Switch to a FuncCursor in the top-level legalizer loop.

Stop passing Cursor references to legalizer functions. Give them the
whole &mut Function instead. Given the whole Function reference, these
functions can create their own cursors.

This lets legalizer actions access other Function data structures like
the global variables.

lib/cretonne/meta/gen_legalizer.py

@@ -353,16 +353,12 @@ def gen_xform_group(xgrp, fmt, type_sets):
     fmt.doc_comment("Legalize the instruction pointed to by `pos`.")
     fmt.line('#[allow(unused_variables,unused_assignments)]')
     with fmt.indented(
-            'pub fn {}(dfg: &mut ir::DataFlowGraph, '
-            'cfg: &mut ::flowgraph::ControlFlowGraph, '
-            'pos: &mut ir::Cursor) -> '
+            'pub fn {}(inst: ir::Inst, '
+            'func: &mut ir::Function, '
+            'cfg: &mut ::flowgraph::ControlFlowGraph) -> '
             'bool {{'.format(xgrp.name), '}'):
         fmt.line('use ir::{InstBuilder, CursorBase};')
 
-        # Gen the instruction to be legalized.

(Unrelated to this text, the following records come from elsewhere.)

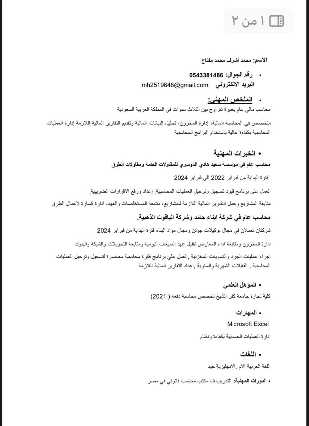 أنا محاسب مصري العمر 26 عام خبرات ثلاث سنوات داخل المملكة العربية السعودية خبرات ممتازة في المحاسبة المالية واعداد التقارير المالية ورفع ضريبة القيمة المضافة وكافة الأعمال المحاسبية ابحث عن وظيفة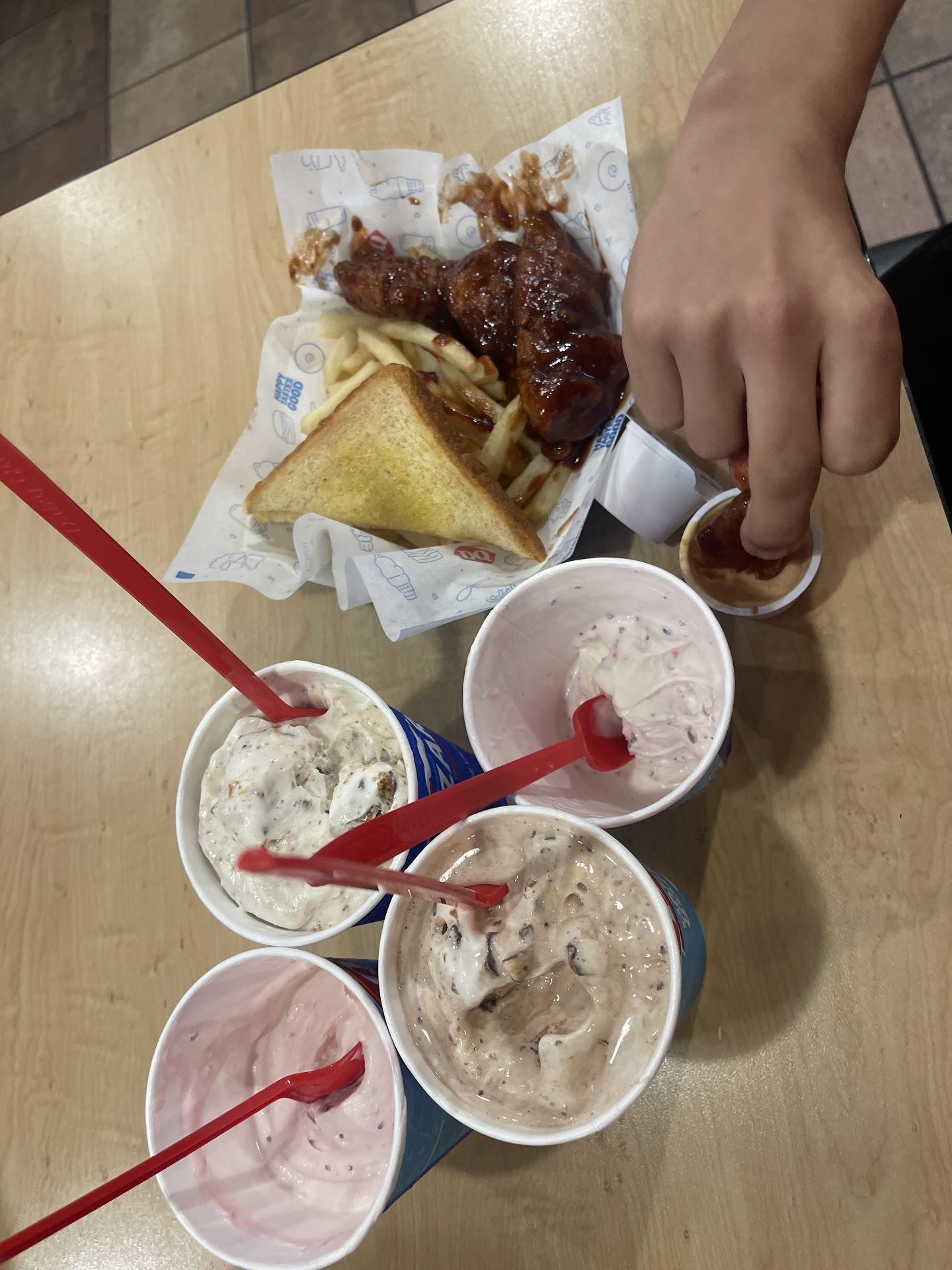 Read moreDon't order food maybe the ice cream is good but the food was terrible cold onion rings and cold burger cheese wasn't even melted at all chicken was cold . I almost canceled my order because when I went for ice for my drink there wasn't any they didn't have other items I wanted either I had to settle for what we ordered but no ice that was it I yelled out" no ice cancel my order " they magically found ice then we ate our cold meal. Just plain yuck 🤮 stay away
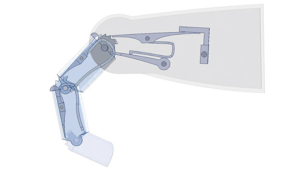 Aktuell sind wir deshalb dabei, auch die zweite „Eiserne Hand“ zu rekonstruieren. Die Mechanik hierzu ist allerdings wesentlich aufwändiger. In Abbildung 9 lässt sich ein Teil der komplexen Mechanik in einer 3D-CAD-Rekonstruktion erahnen. Die CAD-Abbildung lässt erkennen, wie kompliziert und filigran die Fingerglieder miteinander verbunden sind, und zeigt auf, warum die einfachere erste „Eiserne Hand“ wesentlich stabiler und alltagstauglicher für Nutzer ist. Beim Ausdruck der Teile der zweiten „Eisernen Hand“ mit einem Multimaterial-Polymer-Drucker zerbrachen die Hebel und Federn des Fingermechanismus schon nach wenigen Bewegungen, während das Polymerreplikat der ersten Hand noch nach Jahren steter Benutzung und Vorführung einwandfrei funktioniert.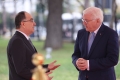 MP Klotilda Bushka and Deputy Prime Minister and Minister of Energy and Infrastructure Belinda Balluku during an official reception ceremony for German President Frank-Walter Steinmeier by Albanian President Bajram Begaj in the Presidency. Steinmeier's visit to Albania comes as a result of his Balkan tour and is the first visit of a German president to Albania in 27 years.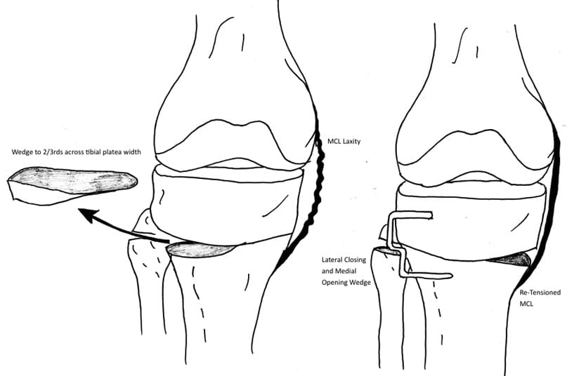 A lateral closing wedge high tibial osteotomy is our preferred surgical option - it is an inherently stable osteotomy. There is a large surface area of metaphyseal bone under compression, and this keeps the endosteal bone gap to less than 0.5mm, which allows for primary healing and bone healing by 3-4 weeks. A single metallic Krakow staple avoids the risk of prominent hardware, and bone grafting is not required. A closing wedge HTO is readily converted to TKR, and has outcomes similar to a primary TKR. Finally, it has been shown that closing wedge HTO decreases posterior tibial slope, and produces excellent long term results in the ACL deficient knee [3] Hui C, Salmon LJ, Kok A, Williams HA, Hockers N, van der Tempel WM, et al. Long-term survival of high tibial osteotomy for medial compartment osteoarthritis of the knee. The American journal of sports medicine. 2011 Jan;39(1):64-70. PubMed PMID: 20833833..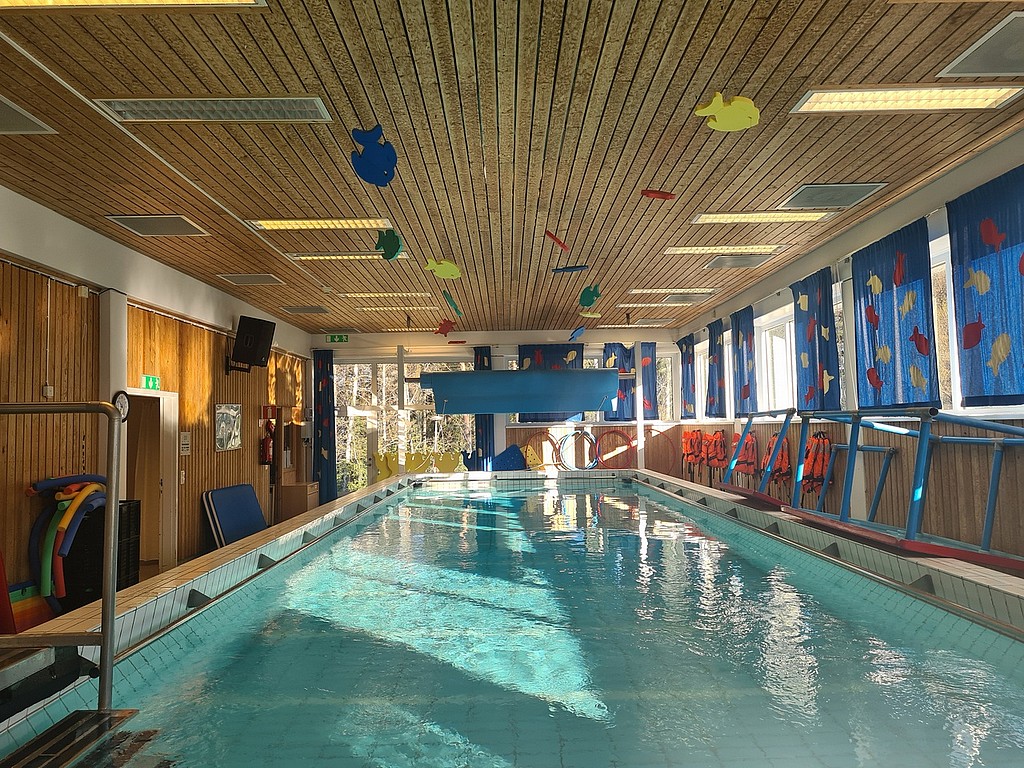 Då bassängen är relativt liten (3,80 x 11,60 meter) erbjuder vi här i första hand simskola för grupperna Baddaren, Sköldpaddan, Silverpingvinen, och Guldpingvinen. För grupperna Fisken och Hajen hänvisar vi till något av de andra badhusen där vi erbjuder simskola.

The cursor we're passed must be
-        # pointing at an instruction.
-        fmt.line('let inst = pos.current_inst().expect("need instruction");')
-
         # Group the xforms by opcode so we can generate a big switch.
         # Preserve ordering.
         xforms = defaultdict(list)  # type: DefaultDict[str, List[XForm]]
@@ -370,18 +366,23 @@ def gen_xform_group(xgrp, fmt, type_sets):
             inst = xform.src.rtl[0].expr.inst
             xforms[inst.camel_name].append(xform)
 
-        with fmt.indented('match dfg[inst].opcode() {', '}'):
-            for camel_name in sorted(xforms.keys()):
-                with fmt.indented(
-                        'ir::Opcode::{} => {{'.format(camel_name), '}'):
-                    for xform in xforms[camel_name]:
-                        gen_xform(xform, fmt, type_sets)
-            # We'll assume there are uncovered opcodes.
-            fmt.line('_ => {},')
+        with fmt.indented('{', '}'):
+            fmt.line(
+                    'let pos = &mut ir::Cursor::new(&mut func.layout)'
+                    '.at_inst(inst);')
+            fmt.line('let dfg = &mut func.dfg;')
+            with fmt.indented('match dfg[inst].opcode() {', '}'):
+                for camel_name in sorted(xforms.keys()):
+                    with fmt.indented(
+                            'ir::Opcode::{} => {{'.format(camel_name), '}'):
+                        for xform in xforms[camel_name]:
+                            gen_xform(xform, fmt, type_sets)
+                # We'll assume there are uncovered opcodes.
+                fmt.line('_ => {},')
 
         # If we fall through, nothing was expanded. Call the chain if any.
         if xgrp.chain:
-            fmt.format('{}(dfg, cfg, pos)', xgrp.chain.rust_name())
+            fmt.format('{}(inst, func, cfg)', xgrp.chain.rust_name())
         else:
             fmt.line('false')
 

lib/cretonne/src/isa/mod.rs

@@ -138,9 +138,9 @@ impl settings::Configurable for Builder {
 /// legalize it?
 ///
 /// The `Encodings` iterator returns a legalization function to call.
-pub type Legalize = fn(&mut ir::DataFlowGraph,
-                       &mut flowgraph::ControlFlowGraph,
-                       &mut ir::Cursor)
+pub type Legalize = fn(ir::Inst,
+                       &mut ir::Function,
+                       &mut flowgraph::ControlFlowGraph)
                        -> bool;
 
 /// Methods that are specialized to a target ISA.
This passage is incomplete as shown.